How would i go about this this? Or should i just buy a BSRT or Wizzard already built?

Thanks
Blake


----------



## GoodwrenchIntim (Feb 22, 2005)

can you post the rules, have to be a member to see them


----------



## GoodwrenchIntim (Feb 22, 2005)

n/m i registered

Modified Car Class Rules

1.) In addition to the Super Stock rule above:
2.) Any Armature shall be legal with a minimum 3 ohm, measured from pole to pole.
3.) Any readily available Ceramic motor magnets and Polymer Traction magnet not above normal gauss readings.
4.) May use ball bearings for motor only

**Any other modifications not specified will not be allowed**


SuperStock Car Class Rules

1.) Cars eligible to compete include the Wizzard P1-2-3 Scorpion and Storm, Slottech Panther, Thundercat, BSRT G3 & G3R, Tyco 440X2 and DecosmoT+
2.) The motor and traction magnets shall be stock and made of ceramic magnet material and must be readily available.
3.) Armatures shall be stock or stock replacement, narrow gap and be a minimum of 5.8 ohms. Armatures may be epoxied, balanced and have the commutators trued.
4.)All electrical system parts shall be stock or stock replacement.
5.) The chassis shall be stock and cannot be modified in anyway except:

a. Add body mounts
b. The chassis may be drilled to retain the rear axle.
c. Reinforce and/or replace the pickup shoe tabs
d. Add Adjustable brush tension

6.) The axles, gears, gear spacers, guide pin,motor bushings (not ball bearings), tires, and wheels shall be stock or stock replacement. Gears can be lightened and axle spacers may be used to aid with gear mesh. All parts must be readily available.
7.) Any readily available rear tires are permitted.
8.) Vacuum formed bodies must be used provided they meet all general rules.
9.) The guide pin maybe glued in place.
10.) Glues and adhesives are not allowed on the chassis or bulkheads except for attaching body mounts.
11.) Any readily available front bumper may be used.

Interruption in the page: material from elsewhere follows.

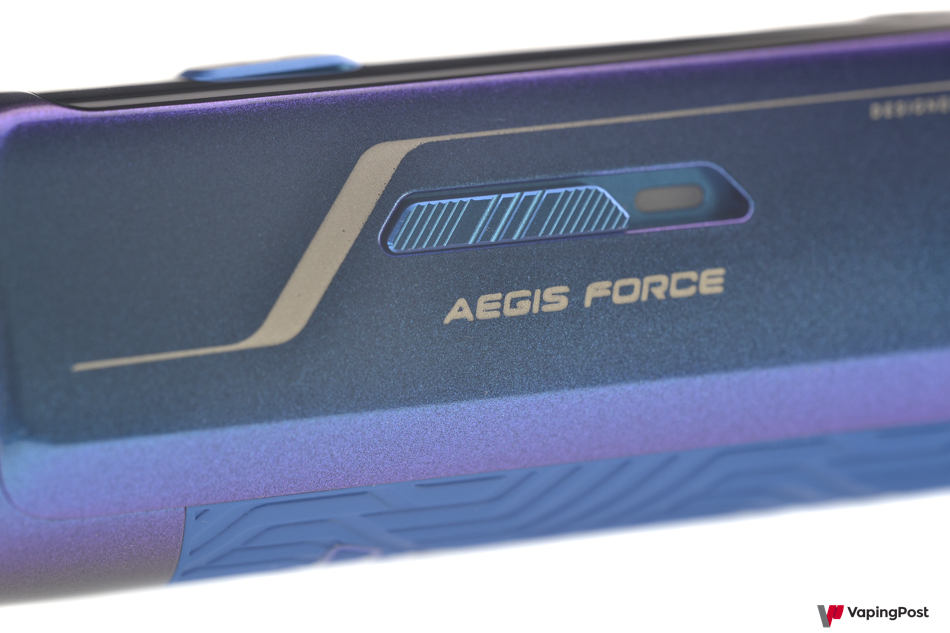 Avec 183 g sur la balance, le kit Aegis Force en impose. Situé entre le kit classique et le gros pod, l’Aegis Force est simple puisqu’un seul bouton en façade complète l’écran. Il permet de naviguer dans les menus et de les valider. Sans aucune complexité, le kit est idéal pour se lancer dans la vape directe.

**Any other modifications not specified will not be allowed**


If it does not say you can do it, you CAN'T!!!


----------



## GoodwrenchIntim (Feb 22, 2005)

if you have the money a slottech thundercat 1 or 2(he has prebuilts) would be your best bet, to build your tyco, contact slottech.com an get the parts to build your car


----------



## mking (Apr 25, 2000)

*G3R vs Slottech*

Hi

I race BSRT stuff here in the PNW. Ive never seen G3, Wiz and Slot techs run together, but ive heard the G3 platform does ok at HOPRA. if you need help with a G3 SS or modified let me know.


----------



## gear buster (Dec 1, 2005)

I run alot of wizzard items when I raced and had my own slot shop. Could help on the wizzard side of things if needed. I still have some parts and a few built cars sitting around..


----------



## hrnts69 (Apr 12, 2007)

I just bought a BSRT G3 from Gene. Anybody have any setup tips for this car? Ill be racing it on a MaxxTrax.


----------



## AfxToo (Aug 29, 2003)

Getting the right setup on this class of car is all about have the right parts in your box to be prepared to make the adjustments you need once you understand what the track has to offer and what kind of challenges it presents. There is no "one size fits all" setup, you need to be prepared to get the setup dialed in for the specific race and track conditions, the car's abilities, and your driving abilities. Experience and familiarity with different tracks are great assets but take time to develop. When you're starting out the best bet is to come in with an expectation that you have a lot to learn, that it will take some investment in your time and experience, tons of practice, some money to acquire parts, etc., but armed with that willingness to learn and pay your dues you'll find your fellow racers will be more than happy to help bring you along.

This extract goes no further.